Глава 6. Серафина

Вместо ожидаемой грубости, Микеле резко вздохнул, словно борясь с внезапно нахлынувшими эмоциями. Он выпрямился, убирая руку с моего затылка.

– Чёрт, Серафина! Это же твой первый раз! А ты моя жена… в конце концов. – он замолчал, словно подбирая слова, и я, осмелев, приоткрыла глаза. В его взгляде, обычно холодном и непроницаемом, мелькнуло что-то нечитаемое – странная смесь похоти и напряжения, борьба между звериным инстинктом и чем-то ещё, глубоко скрытым. – Я должен… позаботиться о тебе.

Прежде чем я успела что-либо ответить, металлический щелчок пряжки на его брюках прорезал тишину, заставив моё сердце забиться чаще. Ловким движением он снял ремень и, прежде чем я успела осознать, что происходит, обвязал им мои запястья, туго стянув их вместе. Резкая боль пронзила кожу, вызвав невольный крик.

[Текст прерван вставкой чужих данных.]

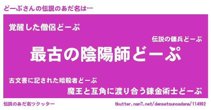 | 男性向けラノベタイトル風あだ名 | 『この素晴らしい世界にどーぷを!』 |

– Микеле! – воскликнула я, пытаясь вырваться, но он только крепче сжал мои руки.

– Тихо! Так будет… лучше. Поверь мне.

Муж подхватил меня за талию, приподнял и широко раздвинул ноги. Я чувствовала себя беспомощной бабочкой, распятой на коллекционной доске. Удерживая меня в таком положении, он опустился на пятки, наклонился, и его лицо оказалось между моих бёдер. Волосы щекотали кожу, а горячее дыхание обжигало, предвещая ещё больший жар.

Первое прикосновение языка к клитору послало по телу волну жгучего наслаждения. Невольный стон сорвался с моих губ.

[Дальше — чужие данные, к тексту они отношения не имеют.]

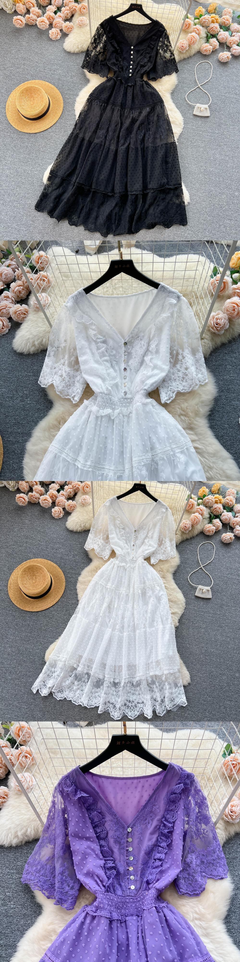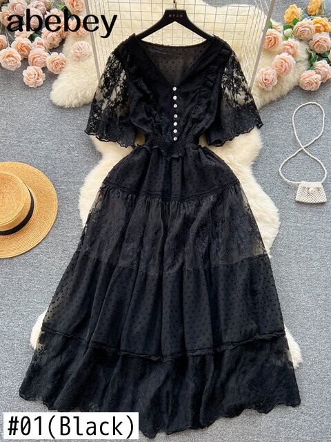 夏レースパッチワークロングドレスイエロー/レッド/パープルフレアスリーブウエスト A ラインパーティーマキシ Vestidos サマー 夏物 Aライン

– Такая чувствительная… – прохрипел он, и в его голосе не было ни теплоты, ни нежности – только холодное, почти хищное удовлетворение. – Мне это нравится.

Он медленно, с нажимом обвёл языком клитор, вытягивая из меня новый стон.

– Хорошая девочка. – прошептал он, и его ласки стали ещё настойчивее, исследуя, дразня, доводя меня до исступления. Мои бёдра инстинктивно начали двигаться ему навстречу, ища большего контакта. Натяжение внизу живота нарастало, превращаясь в сладкую, почти невыносимую пытку.

– Микеле… – выдохнула я, его имя сорвалось с губ хриплым стоном. Волна жара прокатилась по телу, концентрируясь внизу живота.

– Что, жена моя? – в его голосе послышалась издевательская нотка, он усилил нажим и начал двигаться быстрее, ритмичнее. – Нравится, когда я трахаю тебя языком?

– Ещё как! Да! Боже, Микеле, сильнее…

Он резко втянул воздух, удовлетворённый моей реакцией. Его пальцы грубо сжали мои ягодицы, и я вскрикнула от смеси боли и наслаждения.

– Не привыкла к такому обращению? – он резко сменил ритм и стал рисовать мучительно медленные круги. – Ну ты сама напросилась. Хотя я никогда не опускаюсь на женщину. Только с тобой. Только сегодня ночью.

Новая волна жара захлестнула меня, дыхание перехватило. Напряжение стало невыносимым, тело выгибалось навстречу его ласкам, жаждало большего.

– Пожалуйста… Микеле…

– Вот так, молодец! – прохрипел он, надавливая на клитор языком, одновременно толкаясь пальцем в моё лоно. – Проси сильнее. Мне нравится, когда ты умоляешь.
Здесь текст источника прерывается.